This function is only available at Python start-up time, when Python scans the environment. It has to be called in a system-wide module, sitecustomize.py, After this module has been evaluated, the setdefaultencoding() function is removed from the sys module.
The only way to actually use it is with a reload hack that brings the attribute back.
Also, the use of sys.setdefaultencoding() has always been discouraged, and it has become a no-op in py3k. The encoding of py3k is hard-wired to "utf-8" and changing it raises an error.
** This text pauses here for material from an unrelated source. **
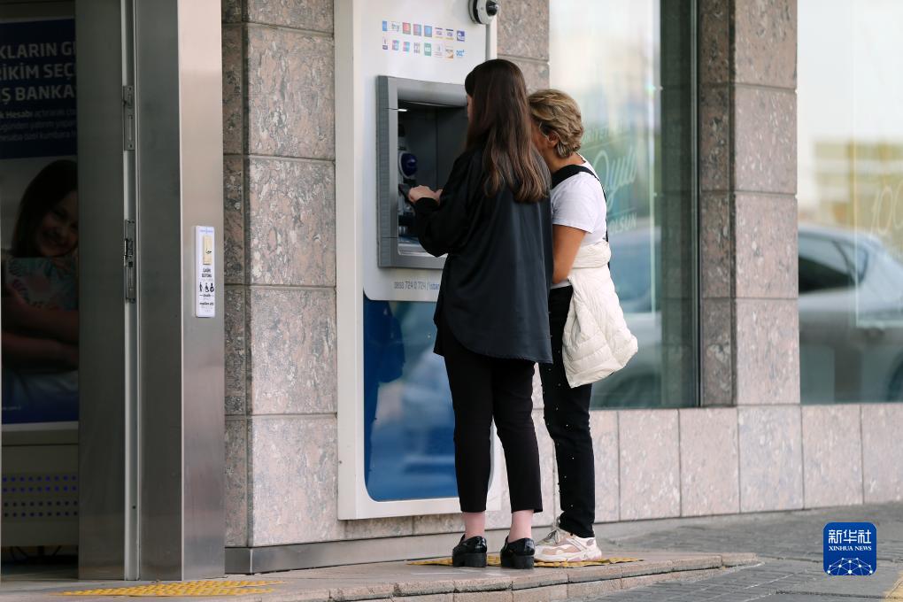 10月26日,在土耳首都其安卡拉,兩名女子在一處銀行自動(dòng)柜員機前辦理業(yè)務(wù)。

I suggest some pointers for reading:
http://blog.ianbicking.org/illusive-setdefaultencoding.html
http://nedbatchelder.com/blog/200401/printing_unicode_from_python.html
http://www.diveintopython3.net/strings.html#one-ring-to-rule-them-all
http://boodebr.org/main/python/all-about-python-and-unicode
http://blog.notdot.net/2010/07/Getting-unicode-right-in-Python

tl;dr
The answer is NEVER! (unless you really know what you're doing)
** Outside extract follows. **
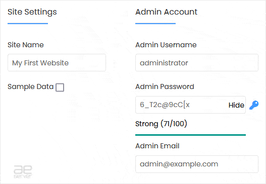 - Admin Email: Your e-mail address.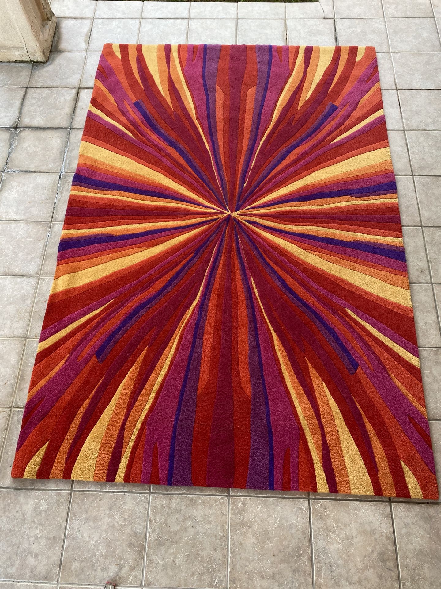 This carpet is 100 percent virgin wool and was manufactured in Hong Kong in 1976. The pattern is called Sunburst for obvious reasons. The vivid color scheme is symmetrical from the center to each of the four sides and from the center of each side to the left and right. Note the depth of the pile is approximately 5/8 inch. For 20 years it was displayed in a wall mounted frame with no direct sunlight. After that it resided beneath a parlor grand piano to acoustically soften the sound of the piano. And again no direct sunlight exposure. It has never been out for general traffic. It is 6 ft x 9 ft. If you need a striking accent carpet, this is it.

9/10 times the solution can be resolved with a proper understanding of encoding/decoding.
1/10 people have an incorrectly defined locale or environment and need to set:
PYTHONIOENCODING="UTF-8"
in their environment to fix console printing problems.
What does it do?
sys.setdefaultencoding("utf-8") (struck through to avoid re-use) changes the default encoding/decoding used whenever Python 2.x needs to convert a Unicode() to a str() (and vice-versa) and the encoding is not given. I.e:
str(u"\u20AC")
unicode("€")
"{}".format(u"\u20AC")
In Python 2.x, the default encoding is set to ASCII and the above examples will fail with:
UnicodeDecodeError: 'ascii' codec can't decode byte 0xe2 in position 0: ordinal not in range(128)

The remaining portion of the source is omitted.